* [WHAT NEEDS TO BE DONE]:
What should be copied is the stretch of entries below from the line with "Brown colt born" up to and including the line with "群馬県前橋市石倉町4-19 ※雨天・冬期はベースボールパークファーストで行います |", exactly and without images.

* [Records from a data collection]:
----

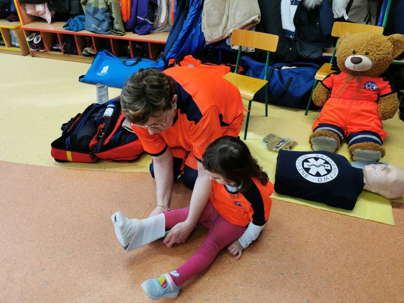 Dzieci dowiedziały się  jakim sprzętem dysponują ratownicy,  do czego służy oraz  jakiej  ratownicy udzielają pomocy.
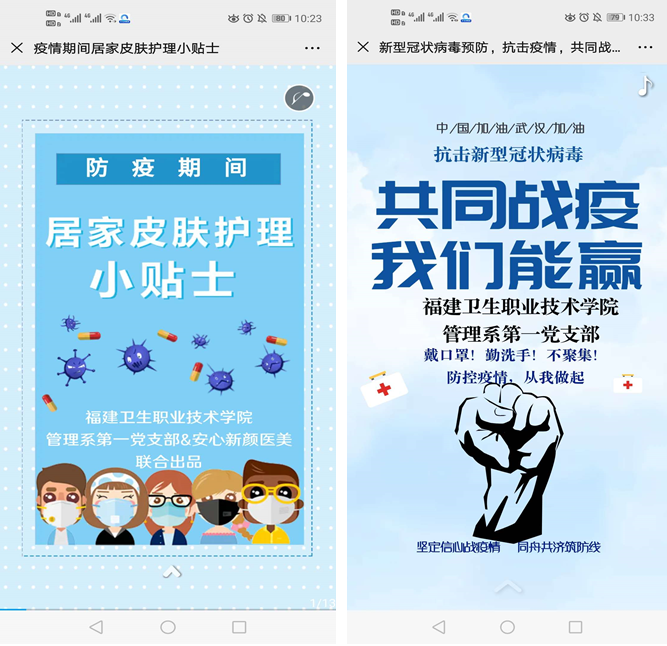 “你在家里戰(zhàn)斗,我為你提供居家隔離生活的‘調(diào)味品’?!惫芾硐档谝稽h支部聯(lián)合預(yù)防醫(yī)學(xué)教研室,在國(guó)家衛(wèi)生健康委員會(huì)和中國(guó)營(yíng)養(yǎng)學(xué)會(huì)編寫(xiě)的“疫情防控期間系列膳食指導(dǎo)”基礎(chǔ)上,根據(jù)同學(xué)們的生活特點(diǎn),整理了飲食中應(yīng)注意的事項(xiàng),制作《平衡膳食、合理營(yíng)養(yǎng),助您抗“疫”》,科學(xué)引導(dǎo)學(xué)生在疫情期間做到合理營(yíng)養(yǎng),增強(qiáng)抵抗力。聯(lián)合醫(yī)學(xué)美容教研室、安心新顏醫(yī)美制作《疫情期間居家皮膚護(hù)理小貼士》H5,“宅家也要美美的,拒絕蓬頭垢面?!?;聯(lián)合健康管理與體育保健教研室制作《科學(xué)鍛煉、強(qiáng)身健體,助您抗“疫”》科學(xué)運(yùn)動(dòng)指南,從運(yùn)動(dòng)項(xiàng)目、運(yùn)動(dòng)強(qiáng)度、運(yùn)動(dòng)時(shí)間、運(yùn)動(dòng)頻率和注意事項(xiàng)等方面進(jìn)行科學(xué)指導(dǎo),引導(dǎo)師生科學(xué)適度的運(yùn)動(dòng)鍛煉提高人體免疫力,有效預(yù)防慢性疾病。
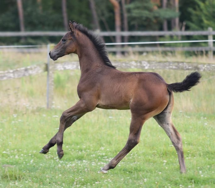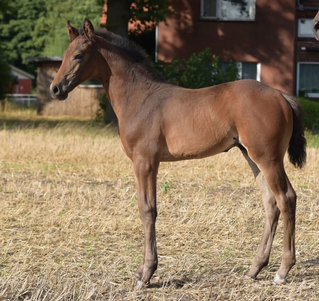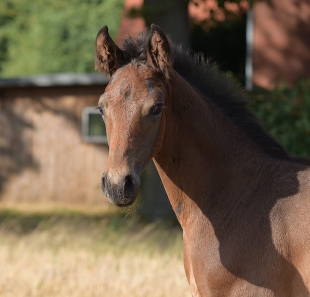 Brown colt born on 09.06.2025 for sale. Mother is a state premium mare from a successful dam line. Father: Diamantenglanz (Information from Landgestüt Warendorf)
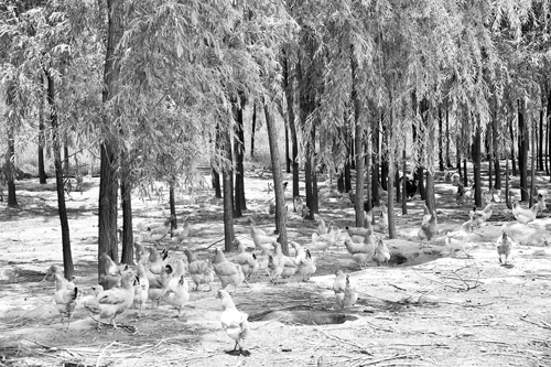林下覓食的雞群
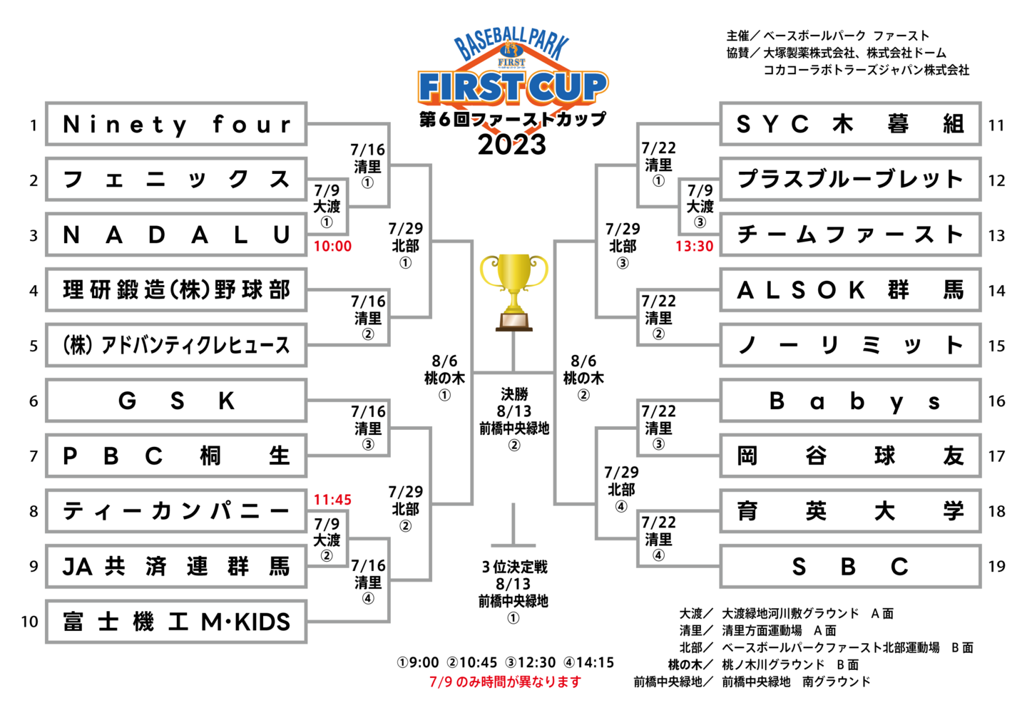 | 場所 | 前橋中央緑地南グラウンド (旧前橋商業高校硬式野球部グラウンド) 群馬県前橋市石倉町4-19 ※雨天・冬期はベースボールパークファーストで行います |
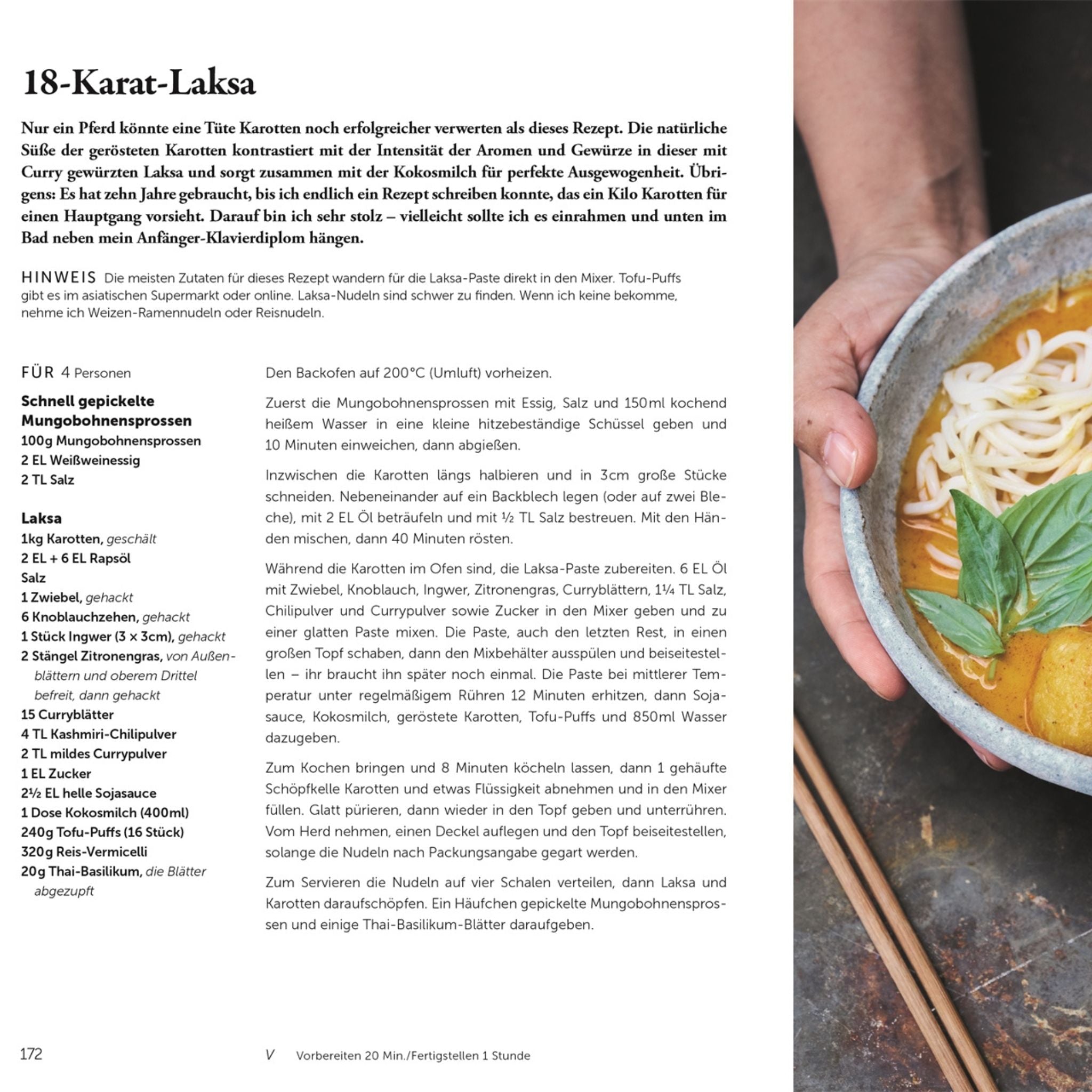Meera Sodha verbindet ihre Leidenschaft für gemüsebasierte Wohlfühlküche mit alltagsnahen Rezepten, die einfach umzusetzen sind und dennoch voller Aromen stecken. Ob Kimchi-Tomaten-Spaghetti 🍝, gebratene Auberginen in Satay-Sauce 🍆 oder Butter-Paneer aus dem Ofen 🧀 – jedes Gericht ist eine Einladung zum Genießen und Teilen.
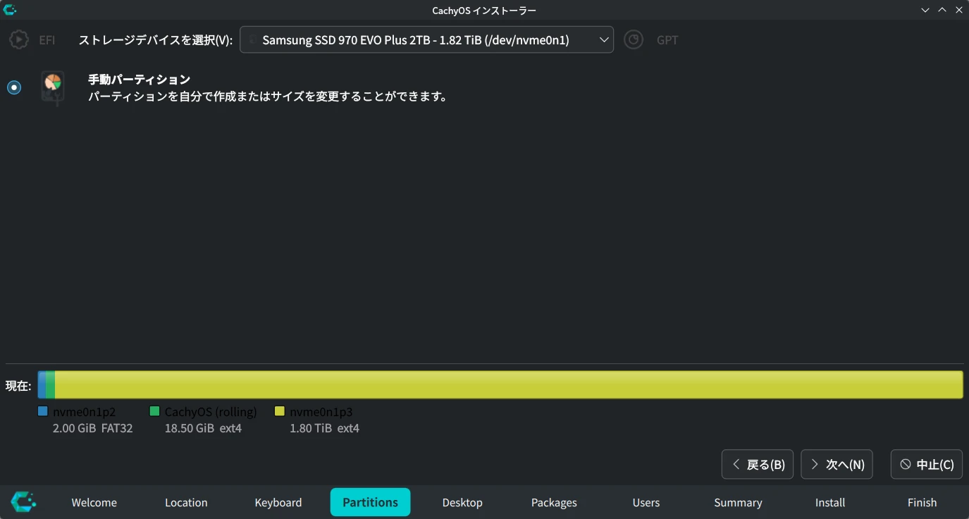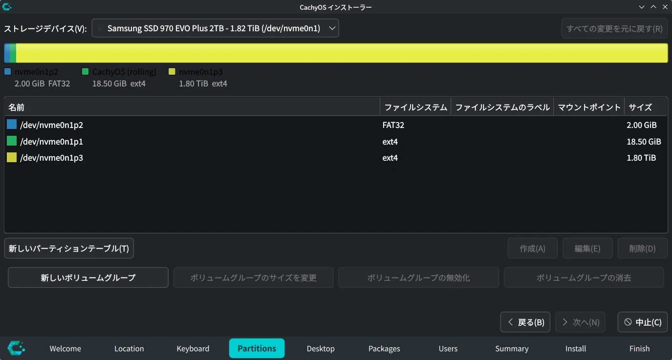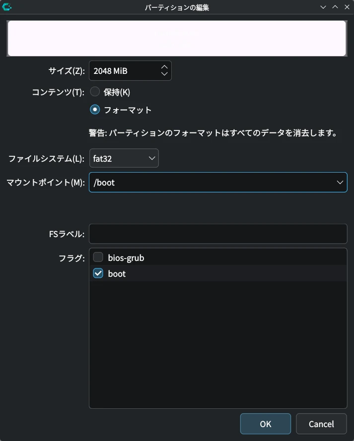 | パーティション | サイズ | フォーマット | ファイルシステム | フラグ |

----

* [ANSWER SECTION]:
 Brown colt born on 09.06.2025 for sale. Mother is a state premium mare from a successful dam line. Father: Diamantenglanz (Information from Landgestüt Warendorf)
林下覓食的雞群
 | 場所 | 前橋中央緑地南グラウンド (旧前橋商業高校硬式野球部グラウンド) 群馬県前橋市石倉町4-19 ※雨天・冬期はベースボールパークファーストで行います |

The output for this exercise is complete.